Parks and Recreation employees cleared a bed of overgrown brush at the site and supplied the mulch and equipment needed to plant 12 wax myrtle trees. These “Don’s Dwarf” variety trees will be up to six feet tall when fully grown and will absorb storm water as their roots go deeper into the soil.

They are also resilient to local weather and other changing conditions.

“They tend to grow well with very little maintenance,” said Parks and Recreation principal planner Mike Kelly.

Draper said she knew Taraski through the Suffolk Rotary Club and Suffolk Business Women. She was glad to take a few hours out of her afternoon schedule to help solve a Suffolk dilemma.

“I grew up here, and I’ve seen (the waterways) get more and more polluted,” Draper said. “I’m hoping things like this turn things around.”

Deborah Gayle, the founder of Suffolk Business Women and TitleQuest Hampton Roads president, volunteered to give back to nature in the community and help support local wildlife.

“I’m a big nature lover,” Gayle said.

Two students from Nansemond-Suffolk Academy were among the volunteers on Wednesday. Bridget McKneely, a 15-year-old sophomore, was excited to support the project.

“We’re all on this earth, and we need to take the best care of it that we can,” McKneely said.

Taraski said one of the NRPA’s goals is to foster the environmental activism of tomorrow.

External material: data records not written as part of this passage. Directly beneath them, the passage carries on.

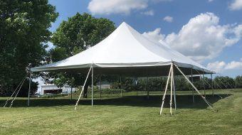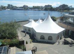 conditions. Available in 12 sizes, 100- to 1,380-squarefoot marquees can be linked together in many configurations and can also be joined with Peak Pole tents. The smooth graceful lines conceal a rental-tough, durable, simple frame. The multiple size options streamline rental inventory. The unique gutter system allows the tents to be joined in a variety of configurations. A flying centre pole supported by diagonal cables gives an obstruction-free spacious interior. Baton sliding walls slide and attach neatly to the post for an open side setup. The batons make carrying and installing the walls quick and easy while reducing wear, tear and cleaning. The canopy is double-curved for beauty and wind stability. Peak Marquee tents are fire retardant, satisfying ULC-S109 for the National Building Code and also NFPA 701 Large Scale per the California Fire Marshal. They are also mildew- and rot-resistant, constructed of 18-ounce vinyl polyester with a gloss self-cleaning finish in a variety of colours including white and opaque with a colour-coordinated top pennant. They come in a protective fabric cover bag with convenient handles for carrying. The walls are fire retardant, 14-ounce vinyl/ polyester fabric. Options include sliding with batons or standard; plain, mesh, clear vinyl, bay or french windows; and zipper or framed doors.
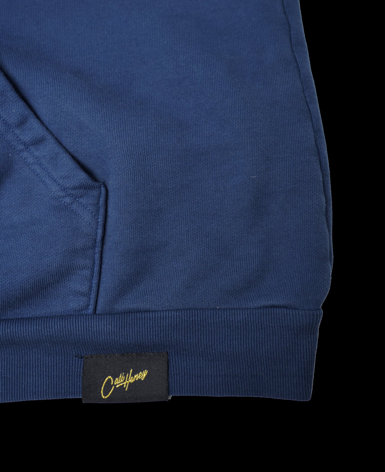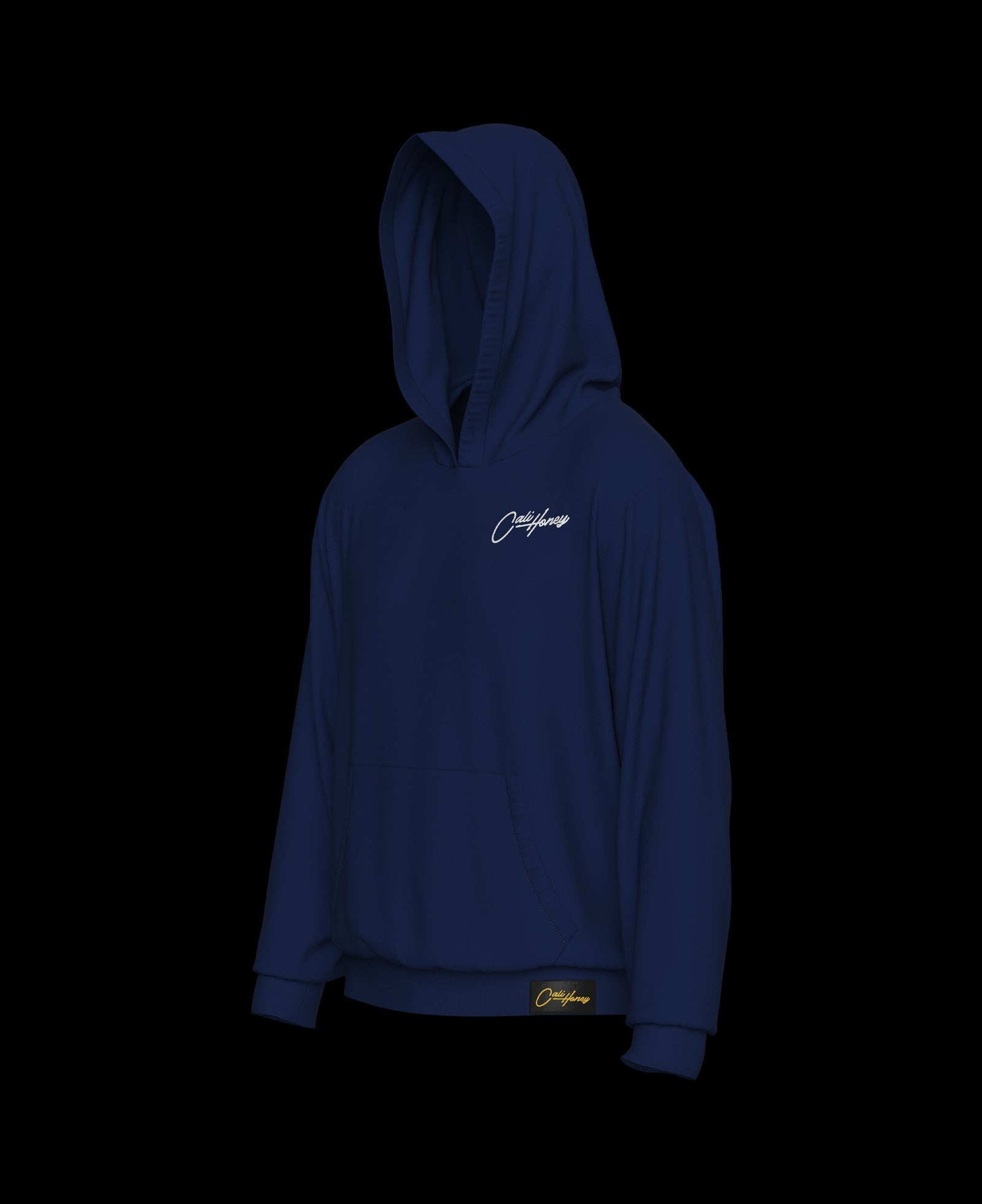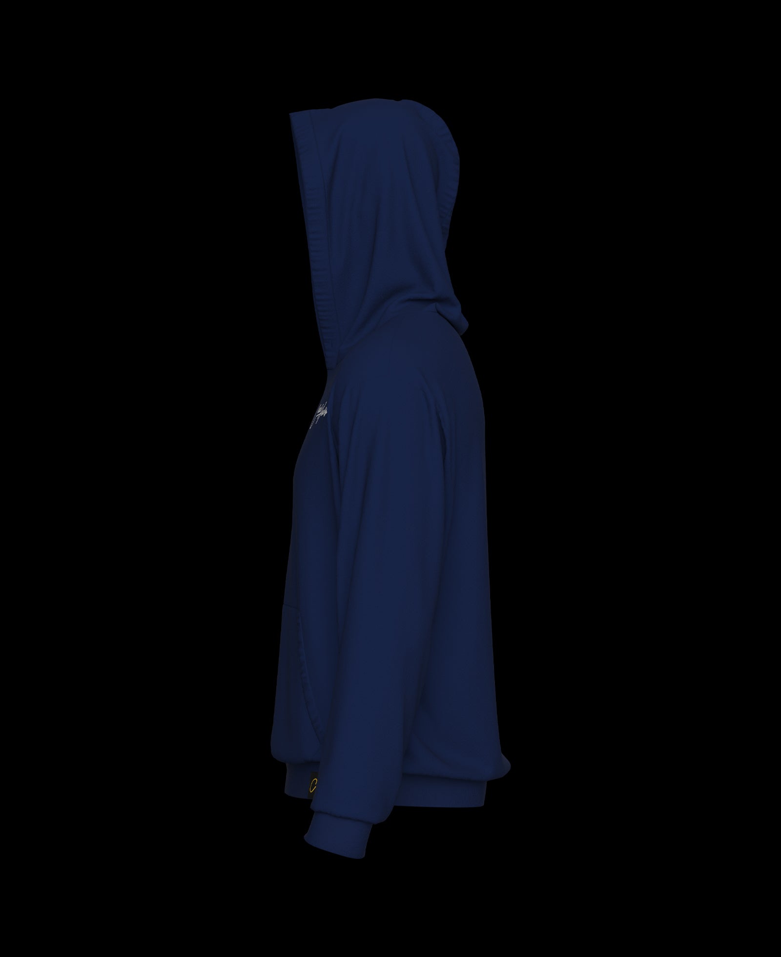 French terry without fleece 100% cotton 12 oz Navy hoodie with front puff screen print.
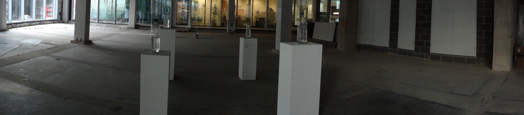As you enter the space (a bare ground-floor office opposite Piccadilly Railway Station- MAP) the first thing you see is two buckets dangling just off the floor. On the ropes suspending them are inverted bottles of water, with nozzles that release a droplet every few seconds. The “plink” of droplets reverberates as you walk around the cavernous space. It’s an effective way of getting you to think about the passage of time (and time running out!).
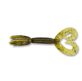 Vinil de 127 mm da marca Yamamoto modelo Double Tail Hula Grub cor verde com manchas preto, especial para a pesca do black bass e dos predadores. Caracteriza-se pelo seu duplo movimento da cauda e pelas suas franjas, ideais para a montagem de diferentes formas. Devido à sua forma única, este vinil mantém-se no fundo e proporciona muita ação.
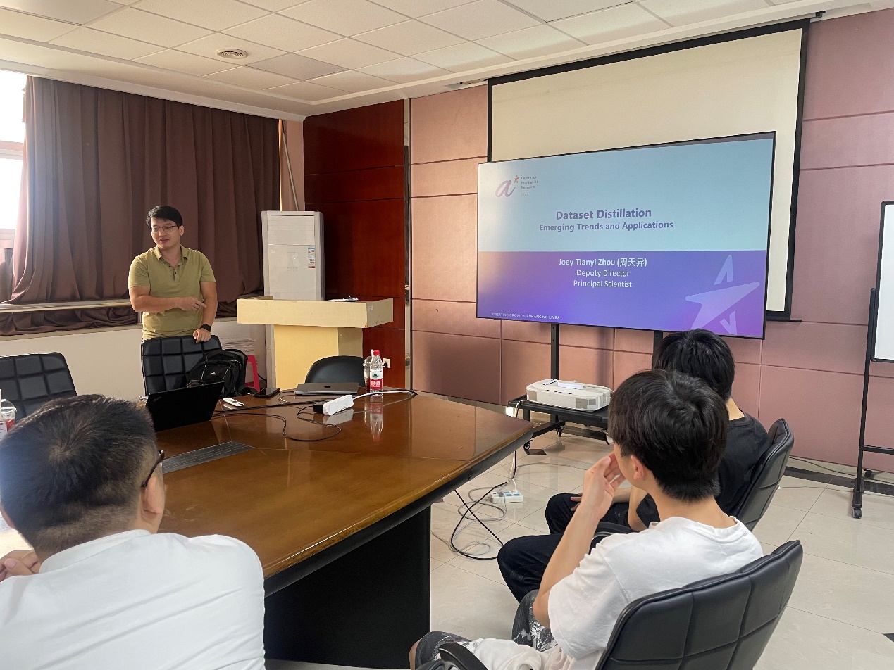 2024年4月1日上午9点30分,新加坡A*STAR(Agency for Science, Technology and Research)人工智能中心(Centre for Frontier AI Research)周天异研究员应肖阳教授邀请来德赢官网做了人工智能和机器学习相关研究的学术报告,报告的题目是"数据集蒸馏与修剪(Dataset Distillation and Pruning):精简机器学习效能"。报告会由肖阳教授主持,学院从事模式识别和机器学习相关研究的老师和学生共40余人参加了报告会。
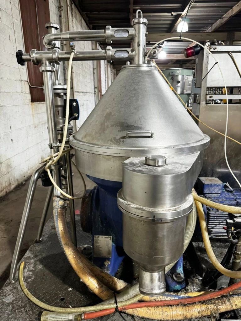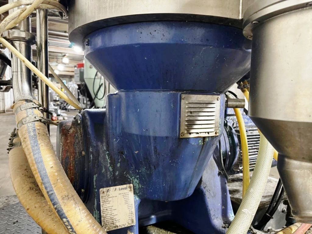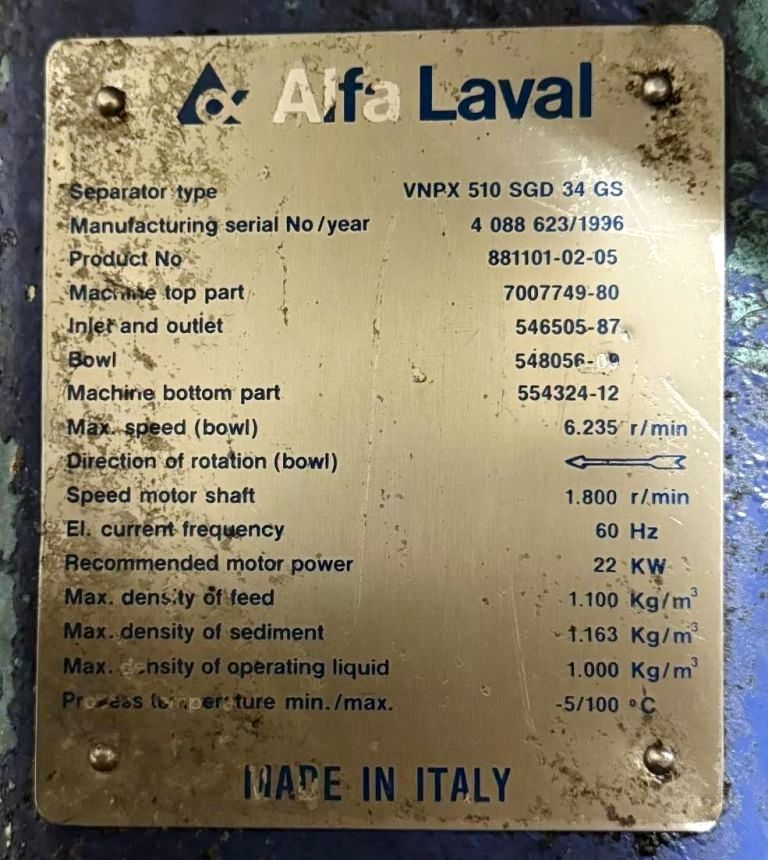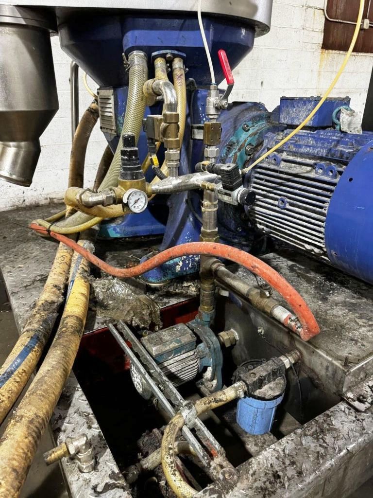 Max bowl speed 6235 RPM, timed solids discharge, liquid discharged under pressure, 22 KW motor 460/3/60/1750 RPM, sludge cyclone, all valves, gauges, piping, feed pump and control panel on a skid. 1996 vintage. Very good condition.
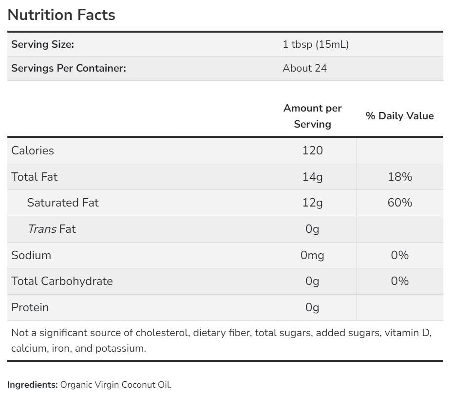 Avvertenze: Le persone allergiche al cocco o affette da specifiche patologie dovrebbero consultare un medico prima dell'uso. Un consumo eccessivo di grassi, anche provenienti da fonti salutari, può portare ad un aumento di peso.
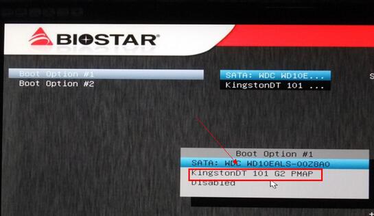最為簡單的方法就是:電腦開機,映泰logo出現按“F9鍵”,選擇U盤設備即可啟動U盤。也可以進入BIOS界面設置,教程如下:
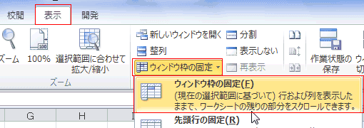 - [表示]タブの[ウィンドウ]グループにある[ウィンドウ枠の固定]→[ウィンドウ枠の固定]を実行します。
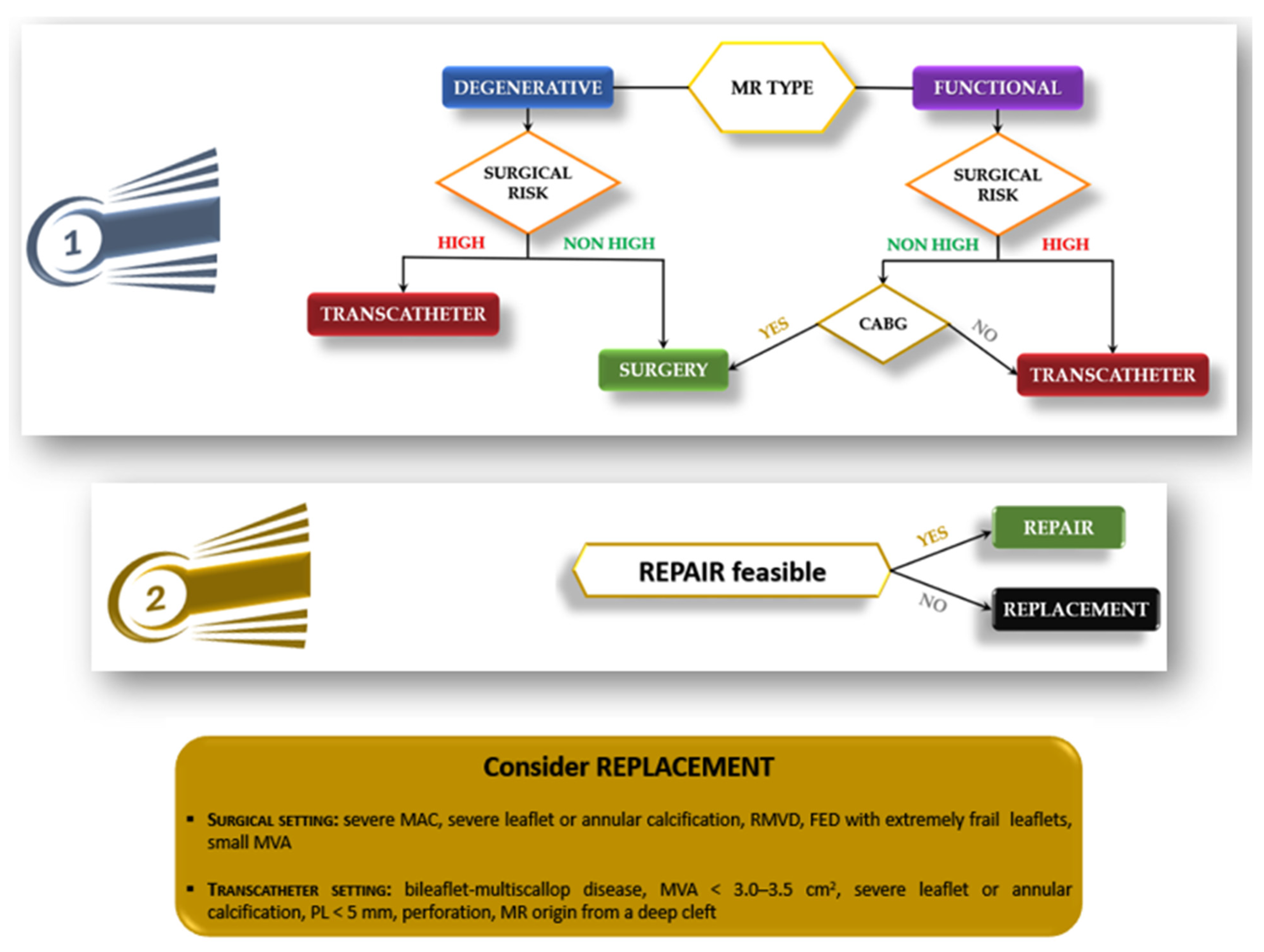 Figure 5. Flowchart Illustrating the Treatment Strategy for MR. (1) The initial step is based on the underlying etiology (DMR vs. FMR) and the patient’s surgical risk, guiding the choice between the surgical or transcatheter approach. (2) Once intervention is indicated, the decision between repair and replacement depends on feasibility and on specific anatomical conditions where valve replacement should be considered (highlighted in the yellow box).
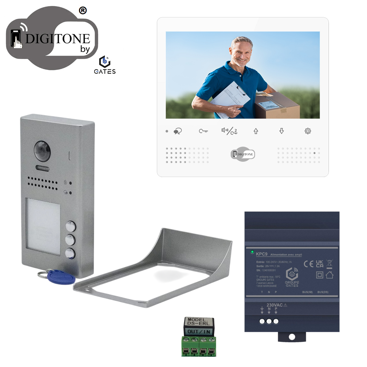 Ce portier vidéo 7 pouces Digitone vous permet de répondre au visiteur qui se présente depuis le moniteur vidéo intérieur. La commande de gâche électrique ou d'automatisme de portail/porte de garage intégrée, permet d'ouvrir depuis ce même moniteur un portillon ou un portail.
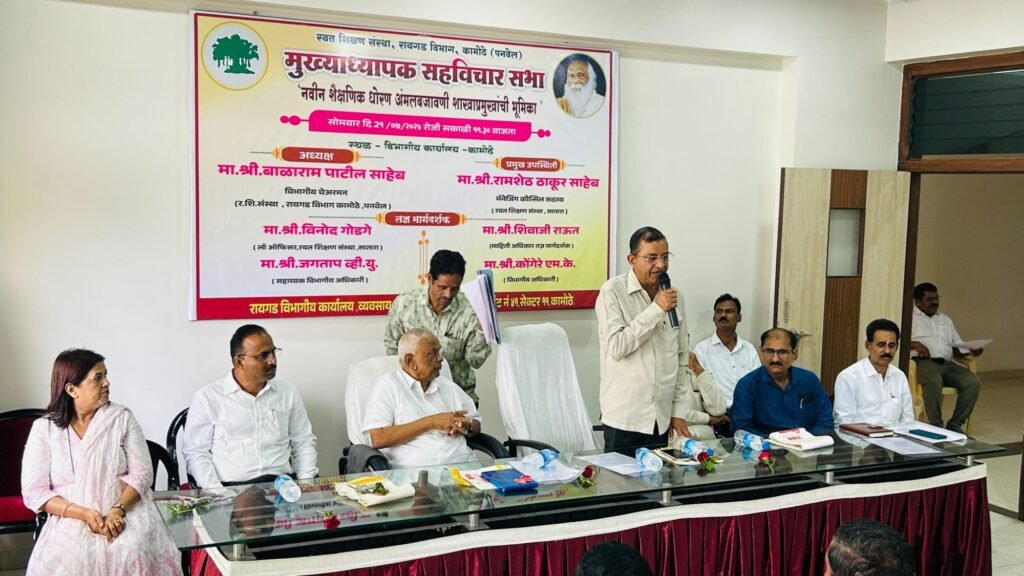 उरण दि २२(विठ्ठल ममताबादे ) नवीन शैक्षणिक धोरण अंमलबजावणी व शाखाप्रमुख भूमिका या विषयावर रायगड विभागीय कार्यशाळा रयत शिक्षण संस्थेच्या रायगड विभाग प्राचार्य व मुख्याध्यापक कार्यशाळा सोमवार दिनांक २१/७/२०२५ रोजी रायगड विभागीय चेअरमन माजी आमदार बाळाराम पाटील यांचे अध्यक्षते खाली संपन्न झाली.
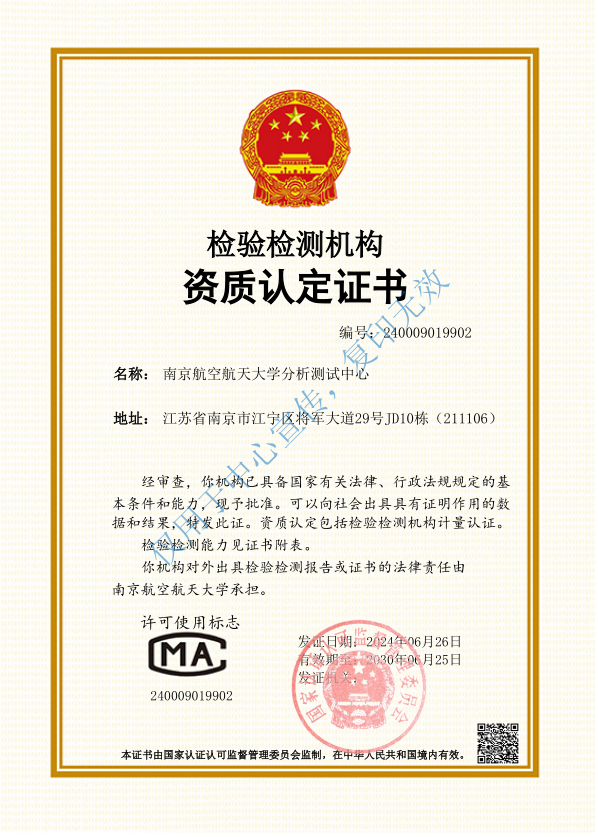 6月26日,国家认证认可监督管理委员会正式向ac米兰分析测试中心颁发了检验检测机构资质认定(CMA)证书,这标志着中心在微区形貌/结构、微区成分、晶体结构与晶型、光电子能谱分析、微区结构分析、室温拉伸试验6个项目上,已经完全具备了国家有关法律、行政法规规定的基本条件和能力,可以向社会出具具有证明作用的数据和结果。
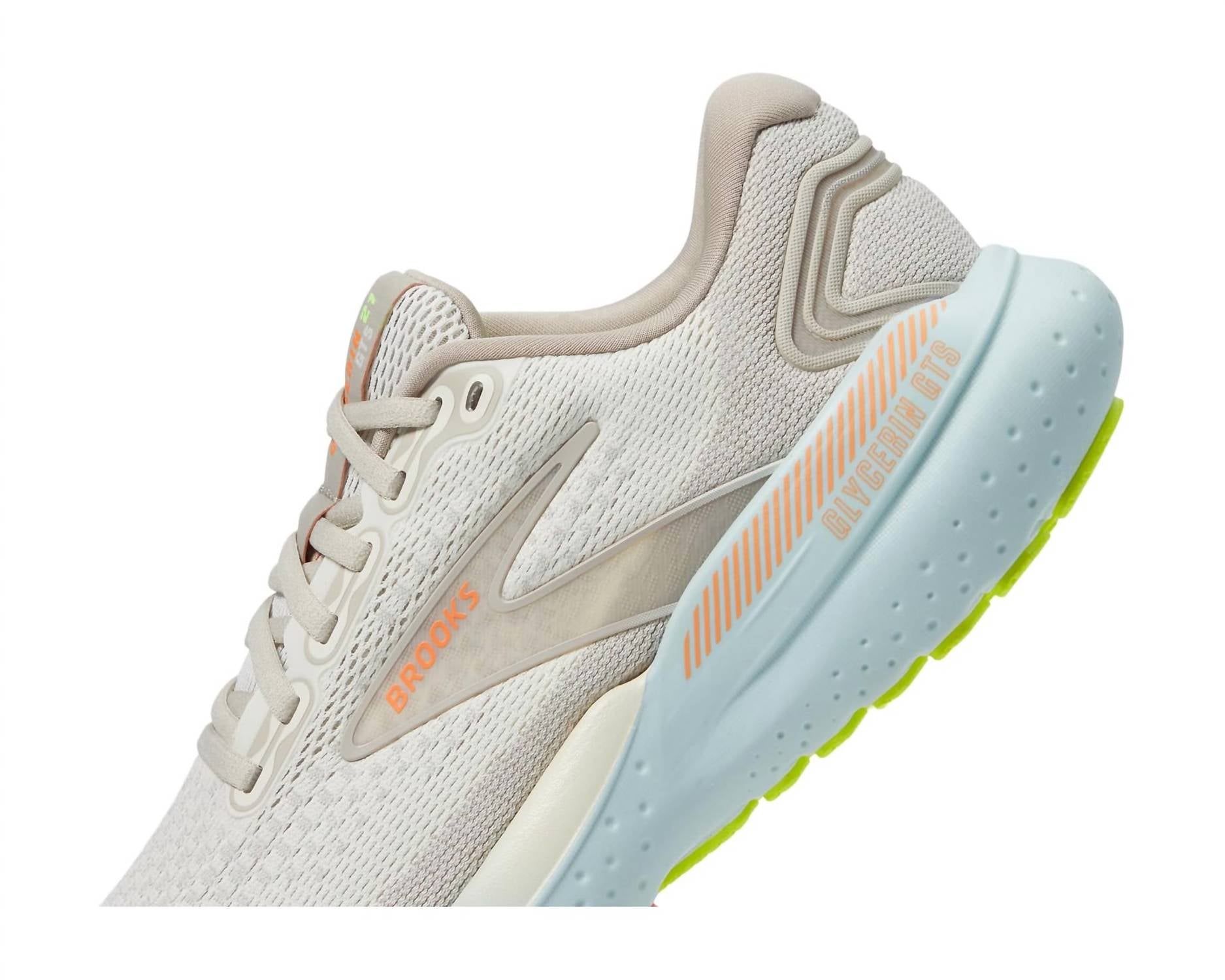 When fashion and function come together seamlessly. Experience the ultimate in comfort and support with the Women's Glycerin GTS 21 Running Sneakers by Brooks in a stunning colorway. These sneakers feature an engineered warp knit upper paired with a lace-up closure, offering a snug and secure fit. Enhanced with nitrogen-infused DNA LOFT v3 and GuideRails technology, they provide weightless softness and unrivaled support that adapts to your natural stride. Imported with a nylon lining and road tack rubber outsole, these sneakers boast a cushioned feel with a 10mm heel-to-toe drop, ensuring maximum comfort during your runs. Weight: 10 oz.

“We want to introduce the generation to taking care of the environment,” she said.

One of those future activists will be Emma Butler, a 17-year-old senior at NSA. Butler was accepted to the College of William and Mary to study environmental science. She said working with the NRPA with its data collection on Suffolk waterways was good experience for her desired career.

“I enjoy this kind of work,” she said.

Butler will join the NRPA on its upcoming projects this summer, such as a marsh field study at Bennett’s Creek and a program for kindergartners this June.

“This is the first project of many,” Taraski said.